El concierto de Vivaldi.
El primer movimiento puede iniciarse con una introducción lenta, a voluntad del compositor, que Vivaldi emplea en contadas oportunidades. A continuación, el movimiento se descompone en tiempo de Allegro en una sucesión de ritornellos y solos. Llamando A al ritornello y B al solo, una secuencia típica vivaldiana seria A - B - A - B - A - B - A - B - A; esto es, 5 ritornellos y 4 solos. El material empleado en todos los ritornellos se deriva siempre del primero de los mismos; el empleado en cada solo acostumbra ser diferente. Los ritornellos son interpretados por el ripieno o tutti, en oposición a los solos, confiados a los solistas. En Vivaldi el ritornello nunca es un tema, a la manera clasico-romántica, sino un conjunto de breves motivos, muchas veces simples diseños.

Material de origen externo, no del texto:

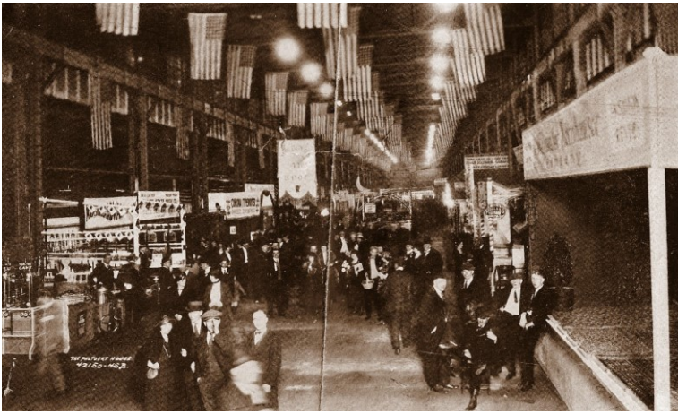
Interior of the Four Lakes Ordinance Building during the Elks Circus in 1921. Located at 2824 Atwood Avenue on Madison's eastside, the structure still stands today and is part of the Madison Kipp Corporation. When built, it was one of the largest enclosed spaces in town.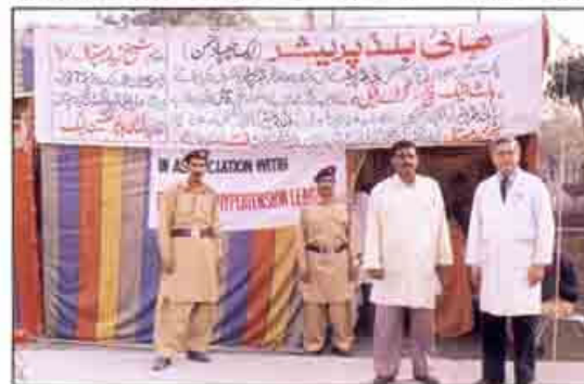
Public awareness camp by Lahore Chapter of PHL.

Public awareness day was organized by the Sheikh Zayed Hospital in Collaborative with PHL local chapter on 27-04-2002 under the supervision of Dr. Saulat Siddiqui, 350 people were examined who also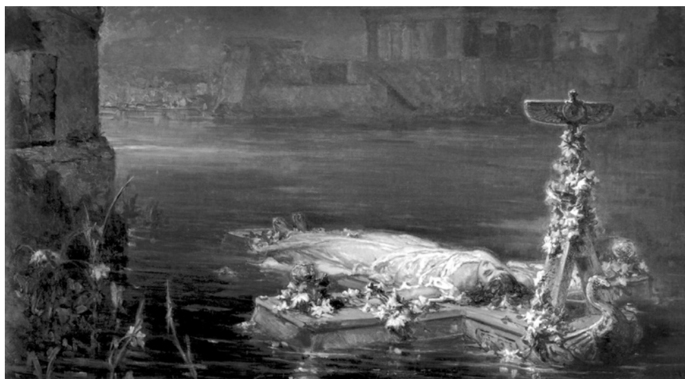
5. Kotarbinski W. The Victim of the Nile. Date unknown

the prism of symbolism and decadence, which enabled combining the historical method with religious mysticism.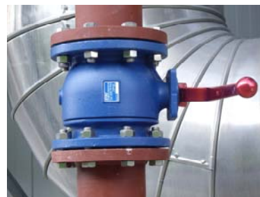
Ceramic/steel ball valve operated in a power station.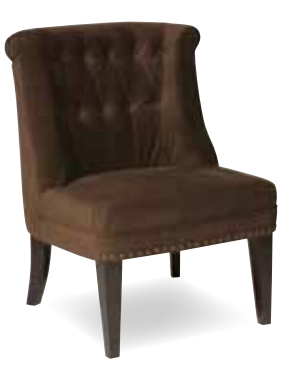
Brushed Chocolate -B14

VEN Dimensions: 27.25" x 28.25" x 33.75" H Available Colors: Brushed Chocolate -B14, Brushed Oyster -B15, Brushed Basil -B16 or Brushed Butternut -B17

La música de los solos puede adoptar tres alternativas: 1) libre improvisación del solista sin relaciones temáticas con el ritornello; 2) material temático tomado del ritornello (caso poco frecuente); 3) material temático absolutamente nuevo. En Vivaldi el solo cumple dos funciones básicas: demostrar la capacidad técnica e inventiva del solista y modular de una tonalidad a otra. En cuanto al movimiento lento. Vivaldi suele adoptar fórmulas mucho más variadas que las que emplea para los tiempos extremos. Formalmente, los movimientos intermedios del concierto vivaldiano adoptan esquemas propios de arietta, pastorale, chacona, siciliana y ritmos típicos de danza. Las formas más recurridas son la siciliana y chacona.
Son los movimientos lentos de Vivaldi los más bellos y apasionantes de toda su contribución al campo del concierto: el tiempo lento permite a Vivaldi concentrarse exclusivamente en el desarrollo de la melodía.

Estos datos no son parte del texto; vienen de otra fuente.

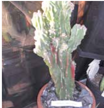
Cereus peruvianus monstrose by Phyllis DeCrescenzo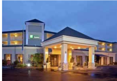
Holiday Inn Express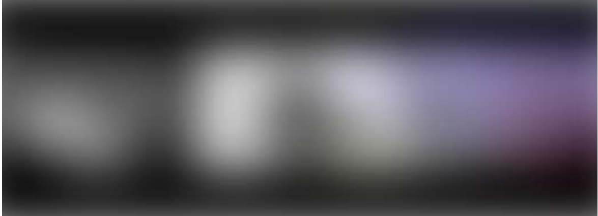
John Akomfrah. Still from “The Unfinished Conversation.” 2012. Three-channel video (color, sound), 45 min. The Museum of Modern Art, New York. The Contemporary Arts Council of the Museum of Modern Art, The Friends of Education of The Museum of Modern Art, and through the generosity of Bilge Ogut and Haro Cumbusyan.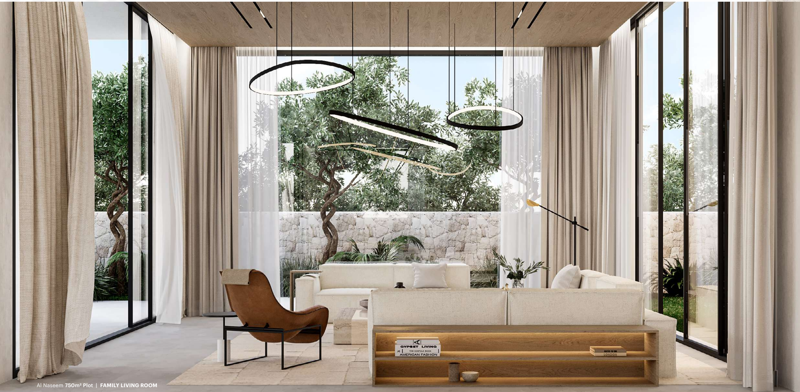
Al Naseem 750m 2 Plot | FAMILY LIVING ROOM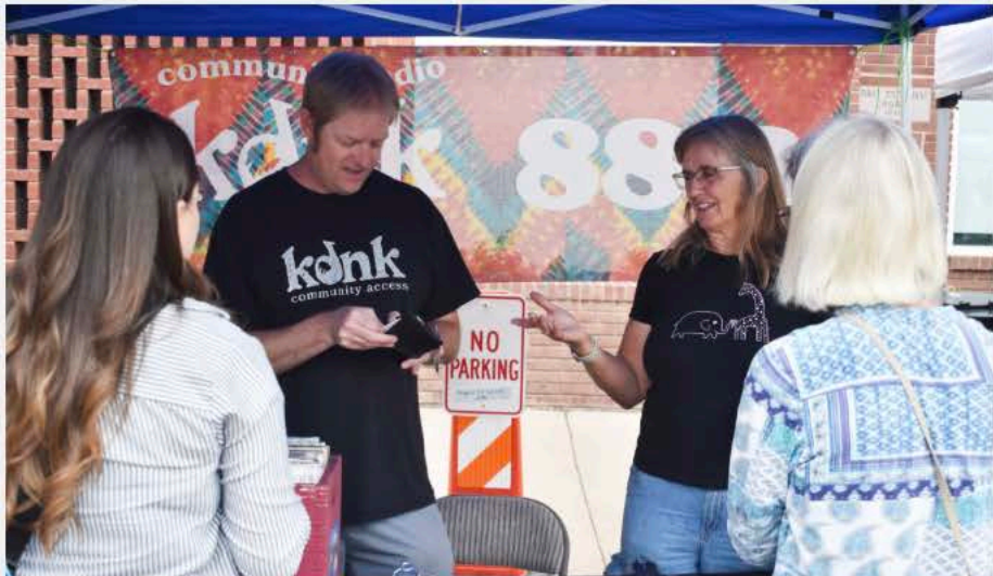
KDNK booth members spoke with patrons and handed out business cards during the Nonprofit Volunteer Fair on Wednesday afternoon in Glenwood Springs.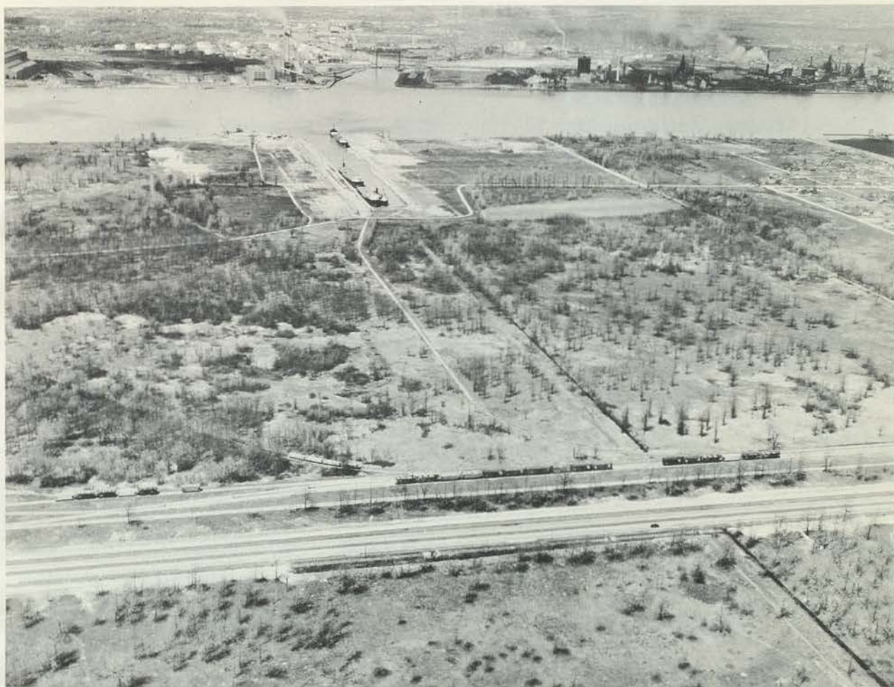
AN AERIAL VIEW OF PART OF THE TOWN OF OJIBWAY, 1800 ACRES OF INDUSTRIALLY ZONED LAND UNDER ONE OWNERSHIP, LOCATED ON THE GREAT LAKES, ST. LAWRENCE WATERWAY, AND SERVICED WITH POWER, WATER, SEWERS, ROADS AND RAIL.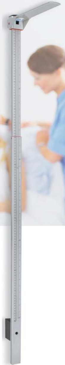
KERN MSF 200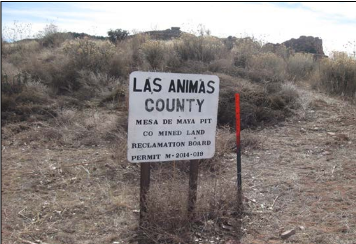
1. Permit sign at site entrance.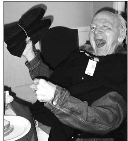
Thanks you so much for the sweatshirt and sweat pants. It sure put a big smile on my face!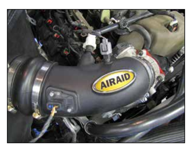
16. Connect the crank case vent to the fitting installed into the AIRAID intake tube. Reconnect the mass air sensor and inlet air temperature sensor electrical connections.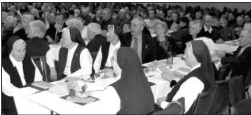
About 400 attended the event honouring clergy and religious.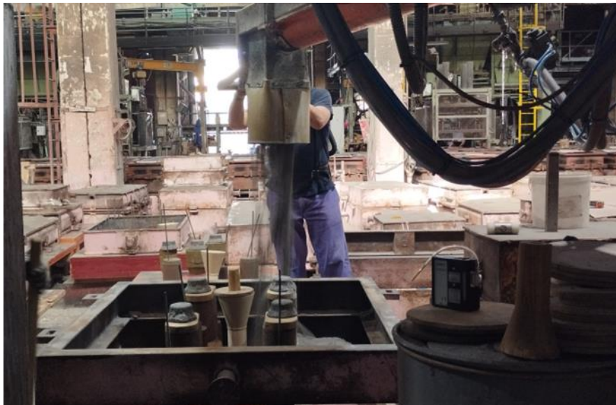
Figure 7. Pretests at metalurgica Madrilená Metamsa foundry in Spain.

METAMSA (Metallurgica Madrilená, S.A.) produces a variety of quality steel castings for Spanish and European customers. They already have experience with inorganic binders, as their molding line for castings weighing more than 80 kg has used a silicate (inorganic) binder system for years. Castings of less than 80 kg are made in green sand line. Metamsa's experiences and knowledge of inorganic binders are shared among the flagship foundries while they try to improve the behaviour of the inorganic line in cooperation with binder manufacturers and other project experts.

Por lo que se refiere al último movimiento, su estructura es paralela a la del primer movimiento, siguiendo por lo general la misma secuencia de ritornellos y solos y derivándose, en ocasiones, su material temático del mismo movimiento inicial, lo que obliga a conferir a Vivaldi el título de pionero en lo que al uso de la forma cíclica concierne. Hay una característica nueva, con todo, y es que Vivaldi dedicaba sus últimos movimientos a probar los recursos técnicos de sus solistas, haciéndolos pasar por pruebas de virtuosismo escalofriantes. Y esto no sólo en el terreno del violín, donde él mismo era un consumado maestro, sino también en el campo de los de viento. El concierto Il cardellino exige un instrumentista que respire por branquias, y algo parecido se podría decir del Concierto para fagot en mi menor. En la parcela exclusiva de la cuerda, Vivaldi se permite diabluras técnicas que lo emparientan a un siglo de distancia con Niccolo Paganini; así sus Bariolage (alternancia veloz de dos notas en dos o más cuerdas); Funken (parecido al anterior y consistente en trémolos sobre notas distanciadas); Vögelchen (trinos sobre las notas sobreagudas); Scordatura (cambios anormales en la afinación del instrumento); o Raketen (secuencias de fusas y semifusas).
Roger Alier
de "Enciclopedia Salvat de los Grandes Compositores"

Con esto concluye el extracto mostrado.